Consider the $L^2([-1,1])$ function space with the follwoing inner product:
$$\langle u(x),v(x)\rangle =\int_{-1}^{1} u(x)\bar{v}(x) dx$$
Rodrigues's Polynomials in $[-1,1]$ are defined as:
$$R_n(x)=\frac{d^n}{dx^n} \left(x^2-1\right)^n $$
I pretend to determinate $||R_n(x)||^2=\langle R_n(x),R_n(x)\rangle$.

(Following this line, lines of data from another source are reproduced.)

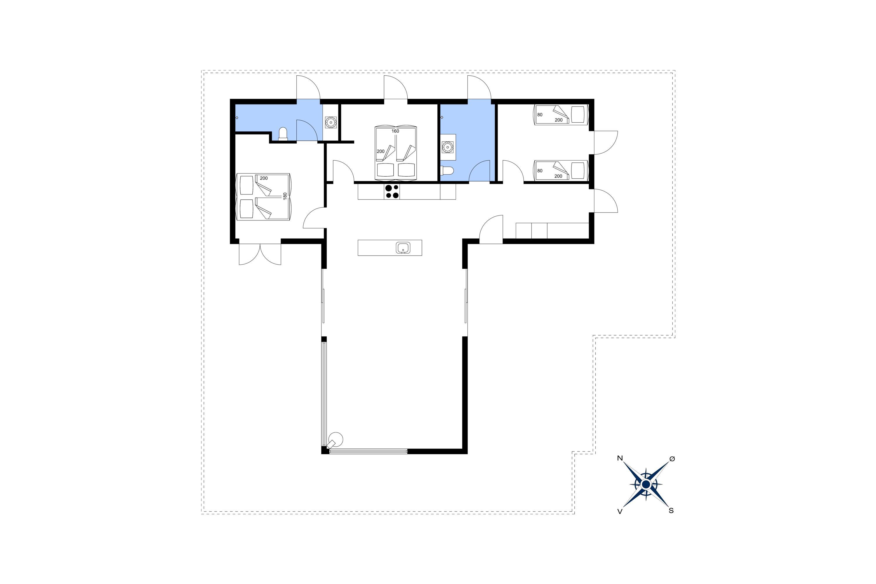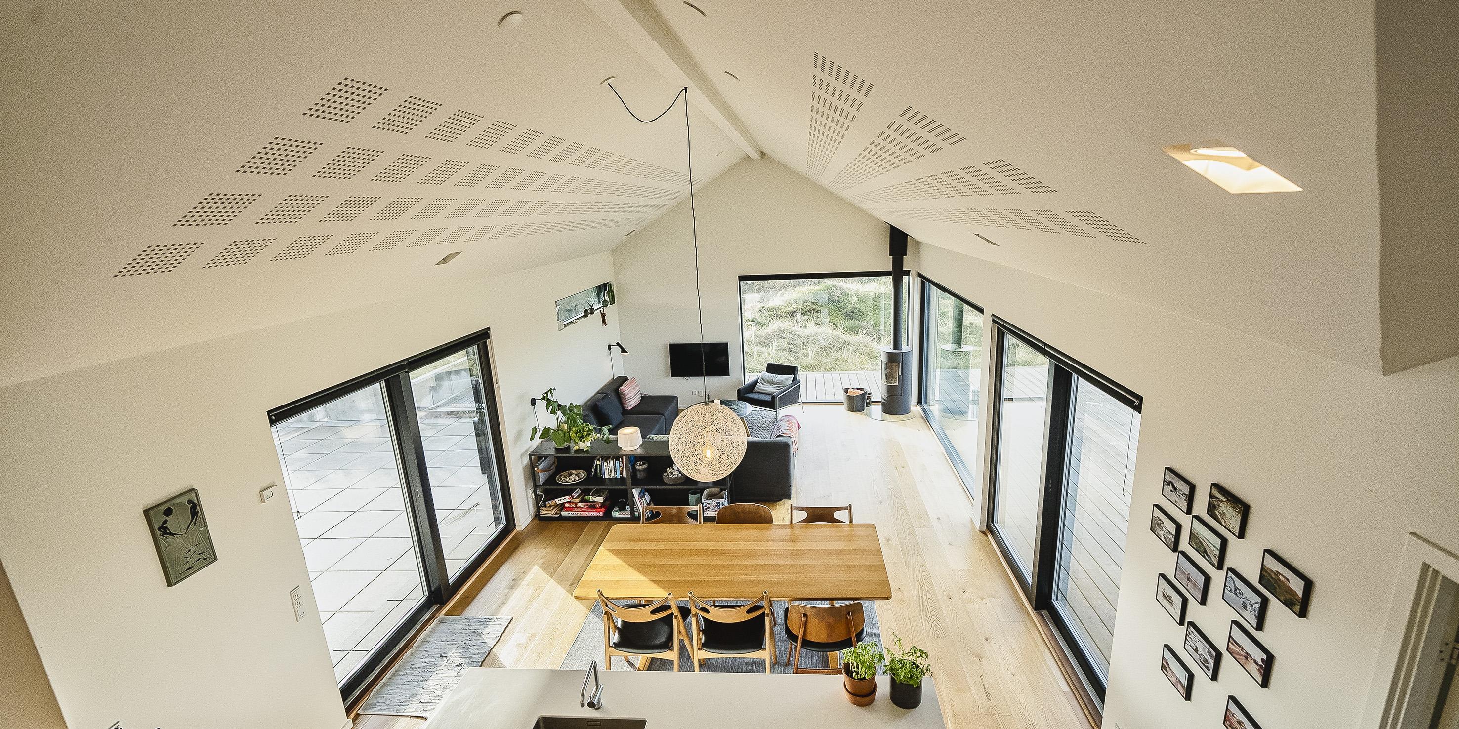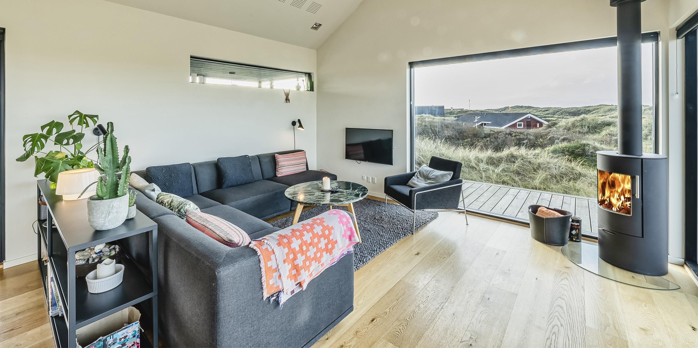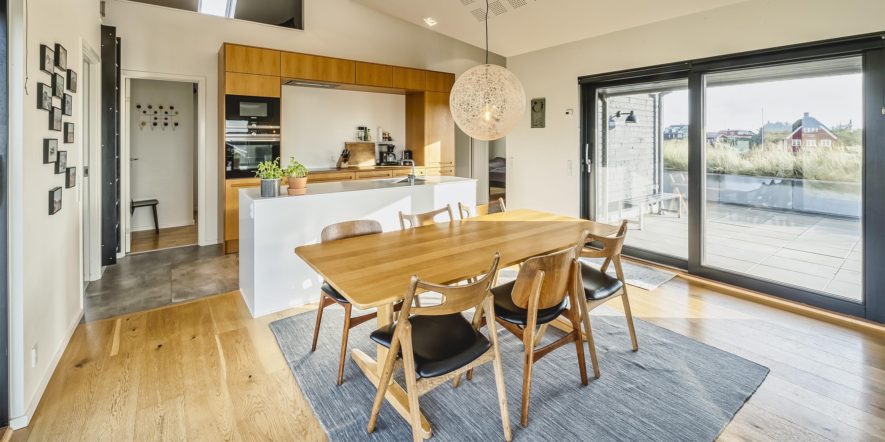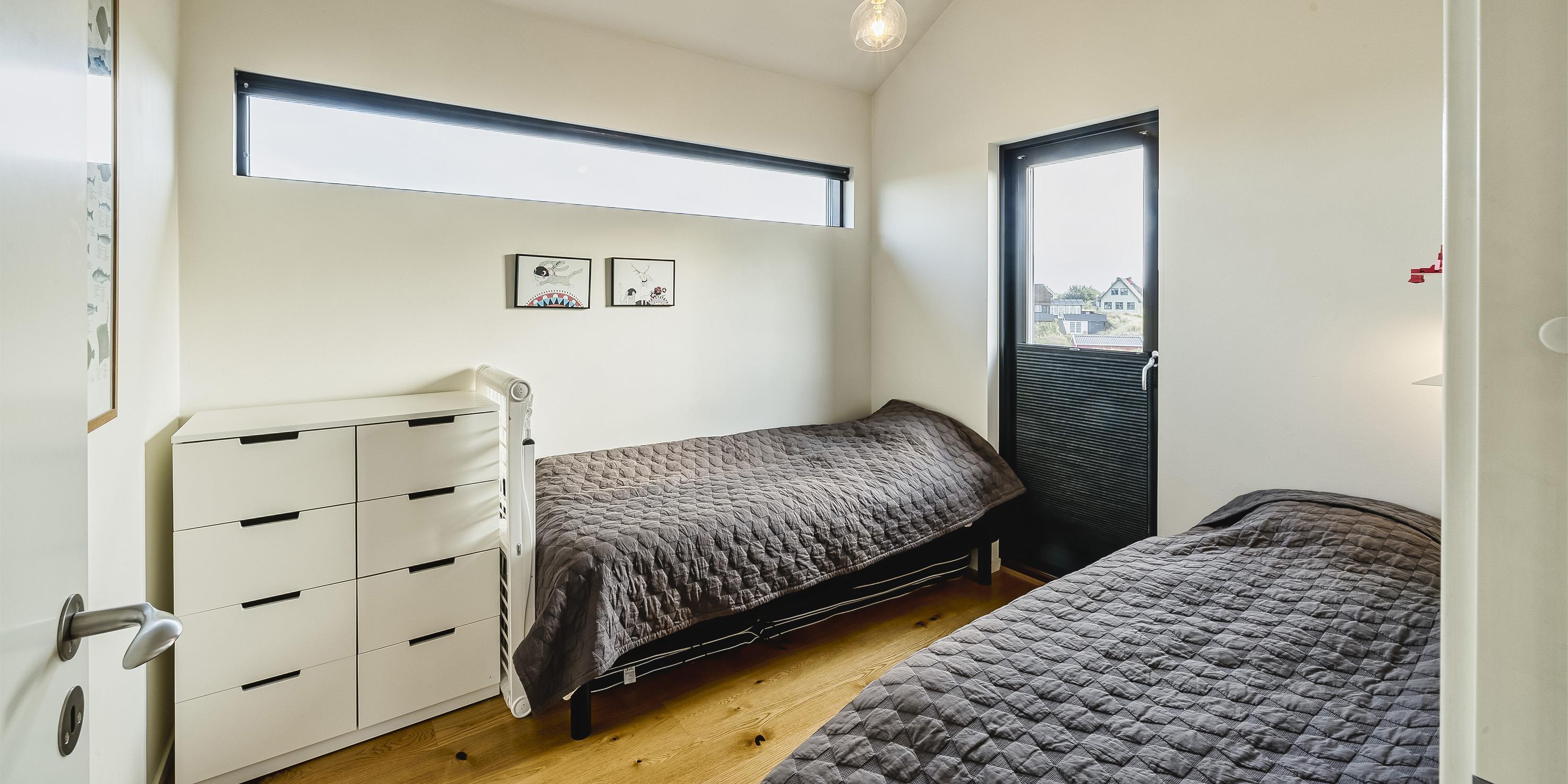 Neubauferienhaus/Energiesparhaus in bevorzugter Wohngegend von Vejers Strand, auf einer Düne gelegen und mit Panoramablick Richtung Meer. Das Ferienhaus ist für 6 Personen ausgestattet und sehr modern eingerichtet. Über die Dünenkette gelangen Sie auf direktem Wege zum Strand, der nur ”Sage und Schreibe” 100 Meter entfernt ist. Der Wohnbereich ist mit dem Essbereich und der Küche verbunden und komplett offen gehalten. Das komplette Ferienhaus ist hell und freundlich gestaltet. Zwischen zwei großen Fensterfronten befindet sich der Kamin. Der Blick auf den gezündeten Kamin von der Sitzgruppe und aus den Fenstern ist einfach nur traumhaft, besser kann es nicht sein. Das deutsche Fernsehprogramm empfangen Sie über Stofa, daher sind es nur 5-8 Kanäle die Sie empfangen können. Google Chromecast. Eine Playstation 4 steht für die Bewohner des Hauses zur Verfügung. Die Küche beinhaltet einen Herd mit Cerankochfeld, einen Backofen in Arbeitshöhe, eine Geschirrspülmaschine, einer Mikrowelle und einer Kühl- und Gefrierkombination. Der Essbereich ist großzügig und bietet ausreichend Platz für alle an. Das gesamte Ferienhaus ist mit einem Laminatfußboden ausgestattet, außer die Bereiche der Bäder, Küche und des Eingangsbereich, diese sind gefliest. Eine Fußbodenheizung ist im ganzen Ferienhaus verlegt. Es gibt zwei Bäder im Ferienhaus. Beide sind mit je einem WC, einem Handwaschbecken und einer Dusche ausgestattet. Sie finden insgesamt drei Schlafzimmer im Haus: DB + DB + 2B. Eine schöne große Terrasse führt rund ums Haus, teilweise ist es eine Holzterrasse und teilweise mit Steinfliesen verlegt, wobei auch ein kleiner Teil direkt am Ferienhaus überdacht ist. Ein Gasgrill steht zur Benutzung zur Verfügung. Für Gas muss der Mieter selbser sorgen. Das Ferienhaus verfügt über einen Internetanschluss (W-Lan). Desweiteren stehen eine Waschmaschine und ein Trockner zur Verfügung, ebenfalls ein kleiner Schuppen. Das Rauchen im Ferienhaus ist nicht erlaubt. Es sind keine Haustiere erlaubt. Das Ferienhaus ist in 2016 erbaut worden.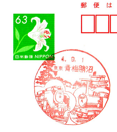 青梅勝沼郵便局の風景印 鉄道公園の建物と機関車を描く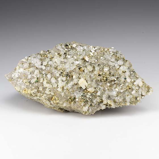 Colorless glassy gemmy crystals of augelite to 0.4 cm in size across the top of this matrix with crystallized barite, pyrite, and quartz. Good rich example for the species from this locality.Data last checked on 11th Aug 2021 - specimen may no longer be available

There's a tip for this exercise:
$$\int_{0}^{\frac{\pi}{2}} \cos(\theta)^{2n+1} d\theta=\frac{\left(2^nn!\right)^2}{(2n+1)!}$$
So, I started to solve $\frac{d^n}{dx^n} \left(x^2-1\right)^n$ and I realized that this function has the following form:
$$R_n(x)=\sum_{k=1}^n c_k(x^2-1)^k$$
I noticed that finding an expression for the coefficients $c_k$ was too much difficult, so maybe using this form couldn't help.
I tried to understand where I should use my tip. I think it could be useful when making a change of variable $x\to \cos(\theta)$, just because $-1<\cos(\theta)<1$ for $\theta\in[0,\pi]$ and the integral limits for the inner product are $-1$ and $1$.
But I couldn't solve this problem.
Using repeated integration by parts we have:
$$ \int_{-1}^{1}R_n(x)^2\,dx = (-1)^n \int_{-1}^{1}(x^2-1)^n\cdot \frac{d^{2n}}{dx^{2n}}(x^2-1)^n\,dx = (2n)!\int_{-1}^{1}(1-x^2)^n\,dx$$ and by setting $x=\sin\theta$ in the last integral we just have to apply the given tip.